Collaborative trees are not a substitute for records research; they are the way to structure the results of that research so that it is available for others to build on. This is how knowledge and science advance, with one person working off of and improving the work of another. Without collaborative genealogy, we will all be limited in our focus, able to see only the relatively small web of relationships that we work on by ourselves, and never seeing the majesty of the larger web that includes us all.
[1] E. Randol Schoenberg, randols@bslaw.net, is a board member of JewishGen and the Co-Founder of JewishGen’s Austria-Czech Special Interest Group. He moderates the Austria-Czech mailing list and website, and is also the author of the Beginner’s Guide to Austrian-Jewish Genealogy and the co-author of Getting Started with Czech-Jewish Genealogy. Schoenberg is a volunteer curator on Geni.com, and one of Geni’s most active users, managing about 100,000 profiles Professionally, he is an attorney and serves on the boards of various philanthropic, artistic and educational organizations. He presently serves as President and Acting Executive Director of the Los Angeles Museum of the Holocaust.
[2] The big trees on WikiTree, WeRelate and FamilySearch are far smaller. WikiTree presently has 5.2 million profiles on its big tree. WeRelate has 2.4 million. The LDS Church recently released its new collaborative Family Tree which has the potential of competing with the others. But it remains to be seen if this or any other platform will be able to catch up with Geni. Geni users are adding new profiles to its World Family Tree at a rate of 7 million per year. See http://www.geni.com/worldfamilytree
[3] The closest path is the one with the fewest steps between nodes on the tree. Geni shows the closest blood relation, or else the closest connection (ie. cousin to cousin to cousin).
[4] It is also fun to see the relationship paths between famous people: “Sigmund Freud is Ludwig Wittgenstein’s third cousin once removed’s husband’s sister’s husband’s first cousin’s 1st husband.” or “Franz Kafka is Gustav Mahler’s wife’s husband’s first cousin’s wife’s sister’s husband’s first cousin’s husband’s first cousin’s husband’s first cousin once removed.” Of course, the point is that we are all “related” in this fashion.

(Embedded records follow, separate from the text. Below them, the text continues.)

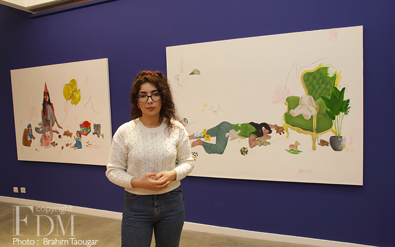 Née en 1996, Rahma Lhoussig est originaire de Taroudant. Diplômée de l’Institut National des Beaux-Arts de Tétouan, elle a participé à des master classes dans divers domaines tels que la recherche artistique, la gravure, la sérigraphie.Récemment, elle a effectué des résidences au Jardin Rouge (Fondation Montresso) à Marrakech. En mars 2020, elle a eu une exposition personnelle à la galerie Kulte à Rabat. Les peintures et dessins inédits de l’artiste représentent une iconographie de l’inachevé.
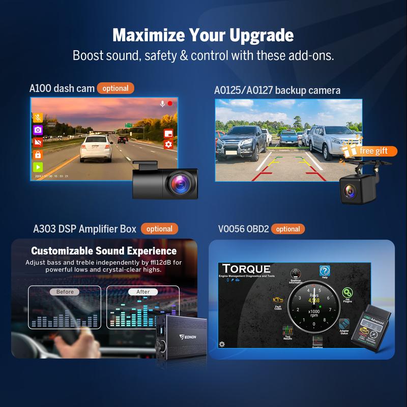 ·【Brand Quality Assurance】30-day return & 2-year warranty. Eonon is a well-trusted veteran in the automotive multimedia industry with 24 years of history. We are committed to providing consumers with high-quality, cost-effective automotive electronic products and top-notch customer service. If you have any compatibility problems or have any problems using it, please send us a message for support. Thank you for trusting Eonon!
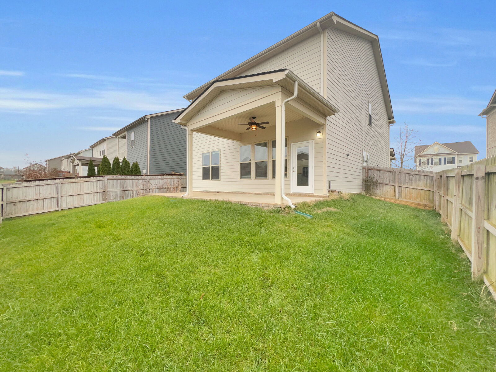 Outside, you'll find beautifully maintained landscaping, durable fiber cement siding, and an oversized covered back patio—the perfect spot for morning coffee, evening unwinds, or year-round entertaining.
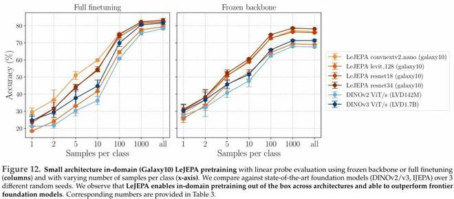 为了展示 LeJEPA 的多功能性,研究者建议直接在专业领域上进行预训练,而无需更改流程。研究者选择了 Galaxy10 数据集(一个星系形态分类任务)。该研究与最新的 DINOv2、DINOv3 和 IJEPA 进行了比较。
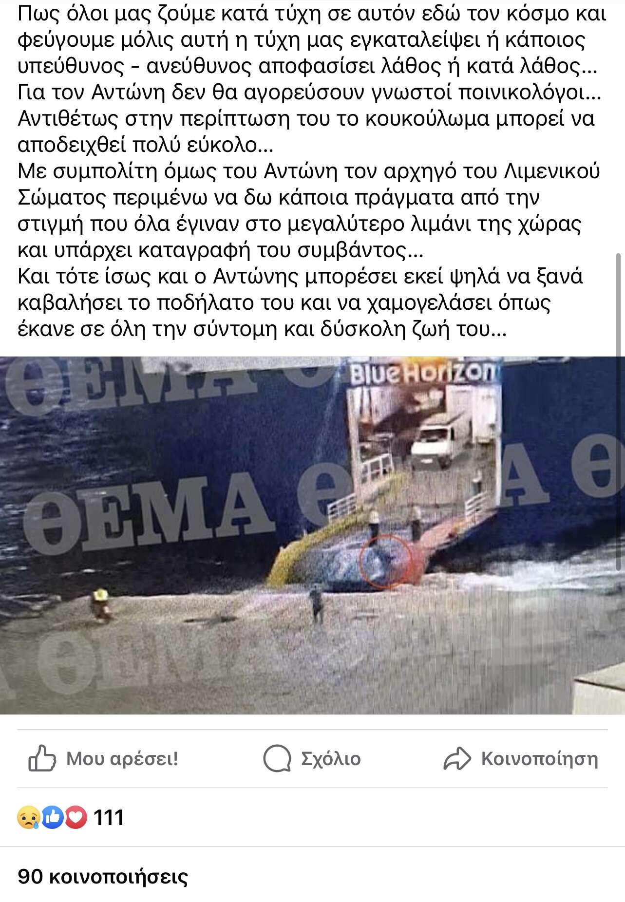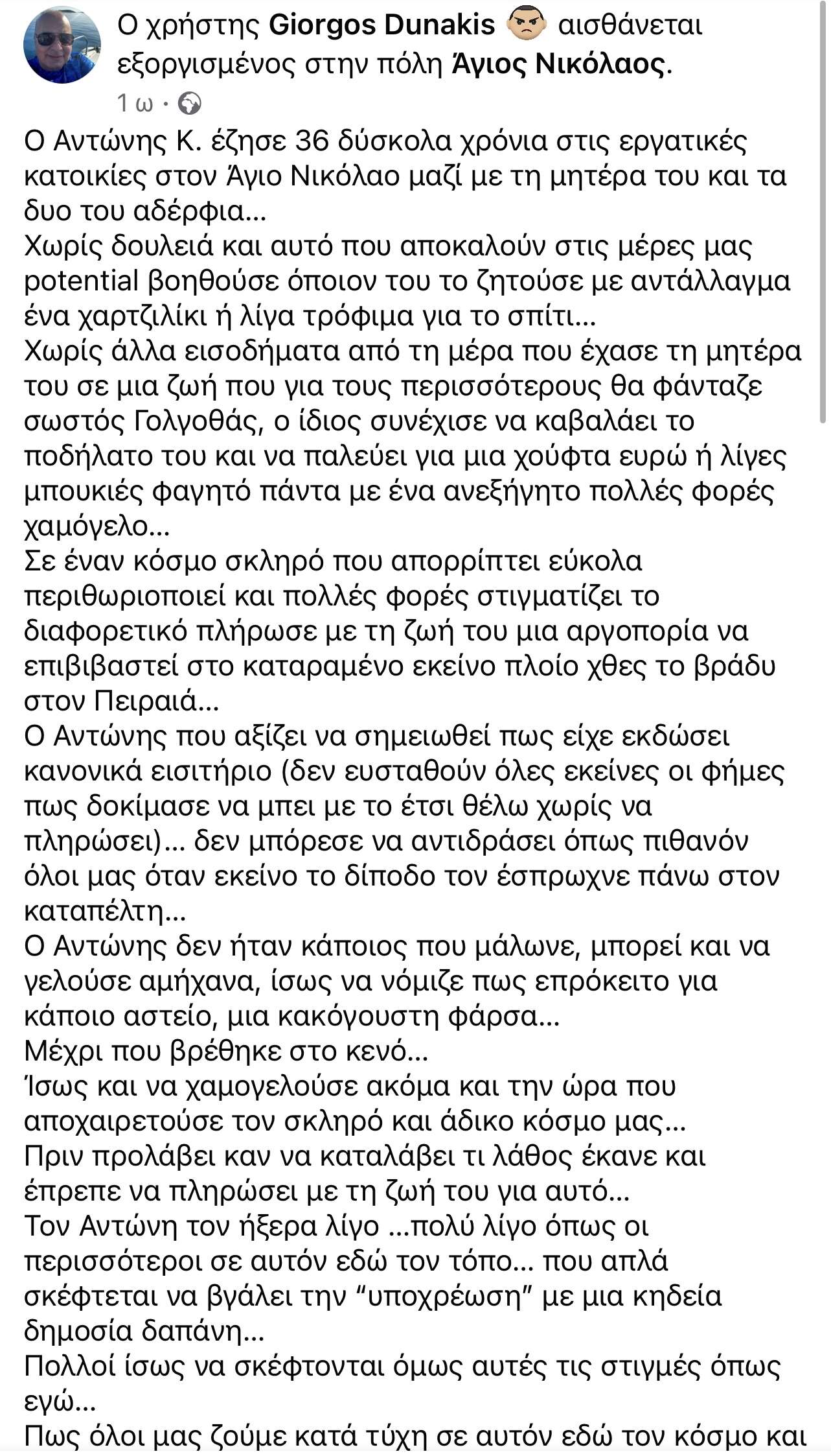 Σε μία συγκλονιστική ανάρτηση για τον άδικο χαμό του 36χρονου Αντώνη Καρυώτη στο λιμάνι του Πειραιά, προχώρησε ένας άνθρωπος που τον γνώριζε.
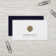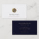 Laissez-vous tenter par ces cartes de visite de haute qualité qui arborent un emblème or frappant des échelles de justice avec votre nom et votre slogan. Cette conception recto verso présente un dos bleu marine riche avec espace pour un nom individuel, titre et coordonnées dans la typographie classique dorée. Idéal pour les avocats et les services juridiques de réseauter et de présenter leur identité professionnelle.
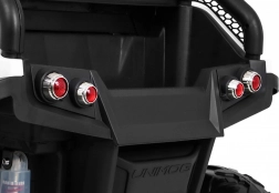 Praktyczne detale, takie jak składana rączka transportowa, czytelny wskaźnik naładowania oraz bogaty zestaw akcesoriów (ładowarka 12 V, instrukcja i zestaw montażowy, zaawansowany pokrowiec ochronny, pendrive USB z filmem instruktażowym, przewód MiniJack) czynią UNIMOG świetnym wyborem do codziennej zabawy.
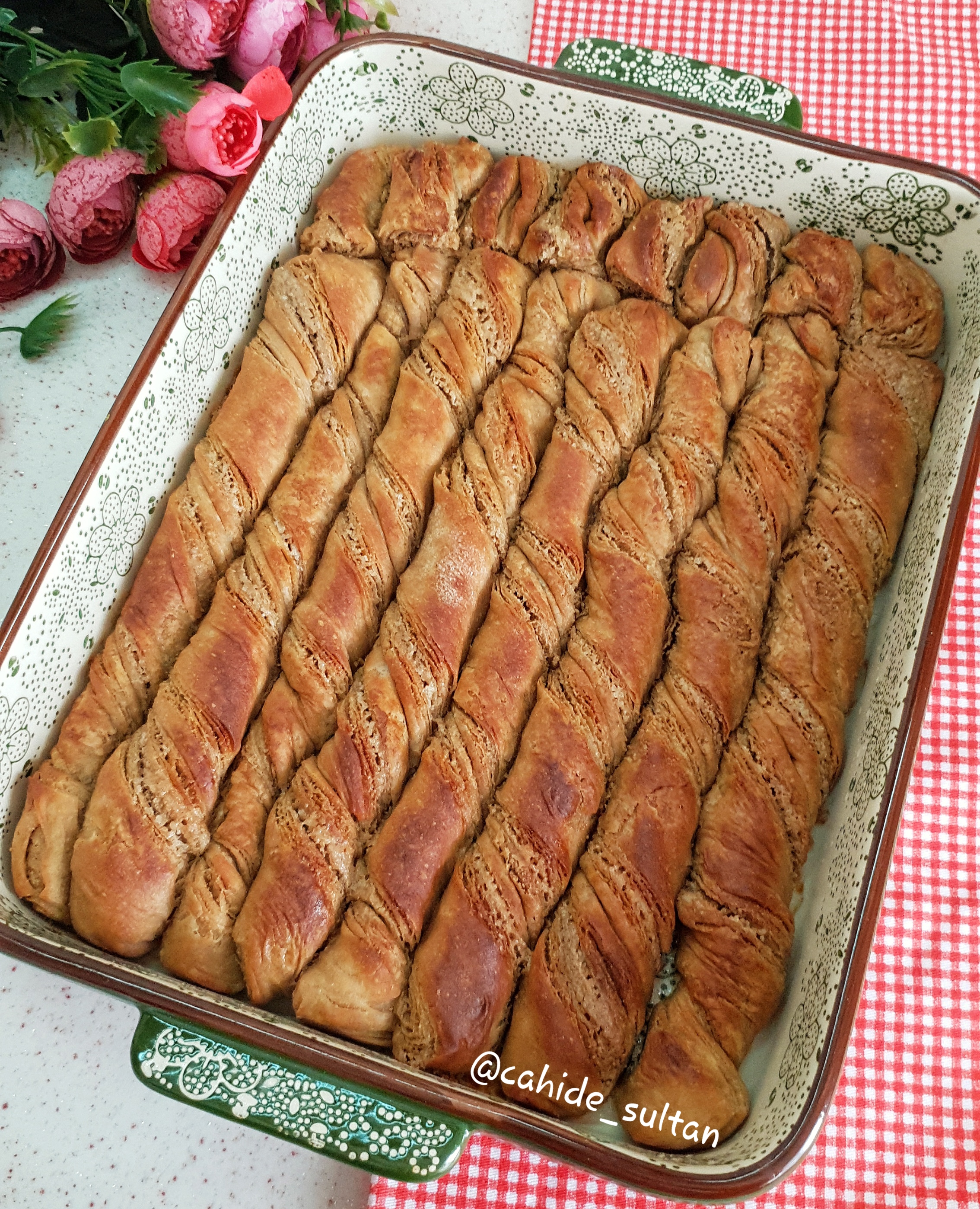 Iki parmak genişliğinde şeritler kesip her şehirde bükerek yağlanmış tepsiye hafif aralıklı olarak yerleştirin. Üzerini örtüp 1 saat kadar mayalandırın. 180 derecelik fırında üzeri kızarana kadar pişirin. Üzerine yumurta yoğurt gibi bir şey sürmüyoruz.
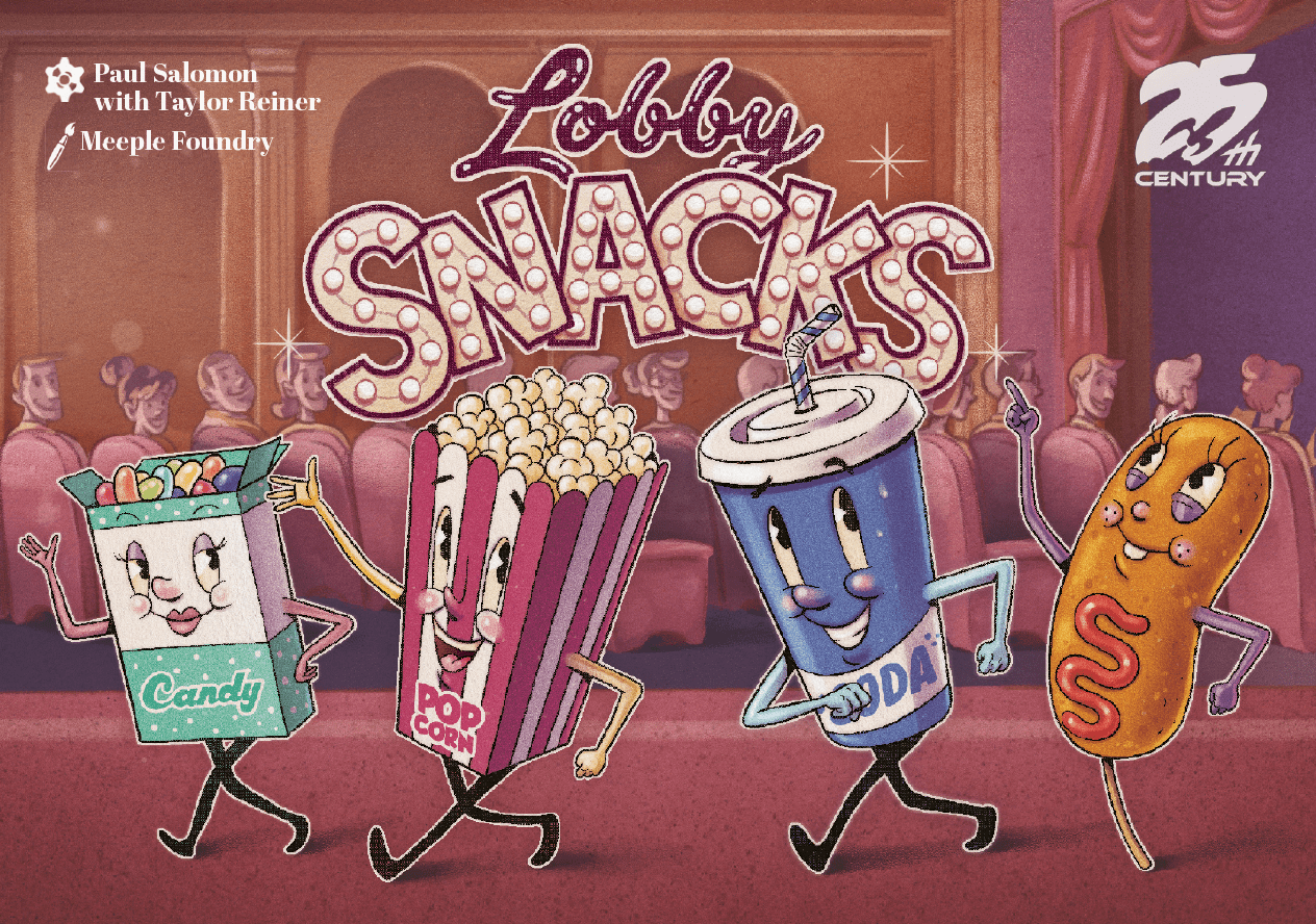 Lobby Snacks is a trick-taking game where success comes at a price. When you win a trick, you score a prize plus the cards played by other players, but you keep your own card face up in your “spent pile.” Each round, the player who spent the most scores nothing.
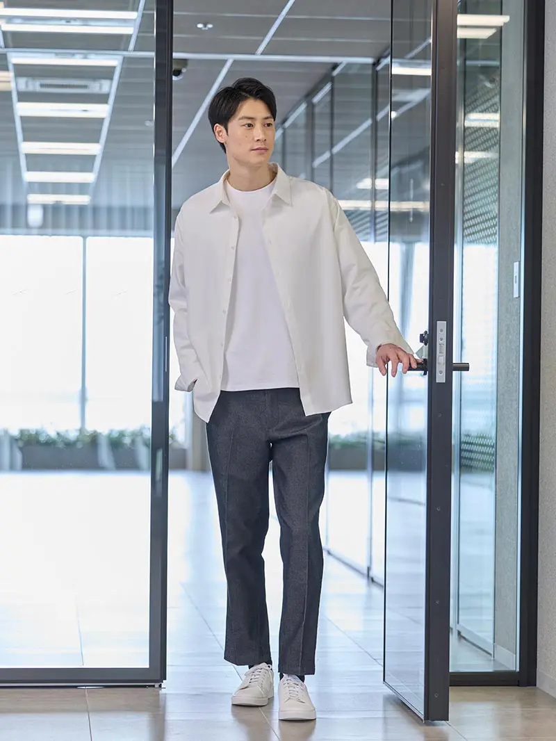 インナーとシューズを白にすることで、脱力感あるカジュアルスタイルを演出できます。

[5] Geni tells me that King David is my 94th great-grandfather. Naturally this path requires a number of leaps of faith and the use of undocumented, perhaps mythological genealogies extending through areas well beyond my expertise. My own comfort level does not extend much beyond my 11th great-grandfather Samuel Phoebus Lämml (Teomim-Munk) (d. 1616 Vienna). But it is interesting to find that the number of generations is at least somewhat plausible.
[6] Presently, the Jewish curators include: Hatte Blejer, Adam Brown, Yigal Burstein, Ofir Friedman, Kevin Janit, Jaim Harlow, Itai Hermelin, Erica Howton, Shmuel Kam, Pam Karp, Rafi Kornfeld, Itai Meshulam, Malka Mysels, Peter Rohel, Randy Schoenberg, Alisa Sharon, Marco Soria and Marsha Veazey. See http://www.geni.com/projects/Jewish-Genealogy-Curators/13122.
[7] See http://www.geni.com/projects/Jewish-Genealogy-Portal-A-Guide-to-Jewish-Projects-and-Resources-on-Geni/13121.
[8] The Krakow project, http://www.geni.com/projects/Jewish-Families-of-Kraków-Poland/12917, spearheaded by curator Pam Karp, is an attempt to move all of the data (70,000 profiles) from Dan Hirschberg’s Krakow website (http://www.ics.uci.edu/~dan/genealogy/Krakow/family.html) over to Geni, where it can be integrated with the rest of the World Family Tree and can be augmented by the community with records, photos and links to living descendants.
[12] In the field where I do most of my work, Austria, Bohemia and Moravia, Geni has allowed us to link together pretty much every Jewish family from that region. The project is enormous and ongoing, but with the wealth of records that are increasingly becoming available, and the number of collaborators working on them, the Austria-Czech-Jewish part of the tree is likely to become the most dense and detailed tree ever created for Jewish families in a particular region.
[13] Geni and all the other platforms have varying privacy settings. On Geni, living profiles are set to private and not searchable on the Web. Nevertheless, as a rule of thumb, if you don’t want anyone to make the information public, do not put it on the Web in any fashion.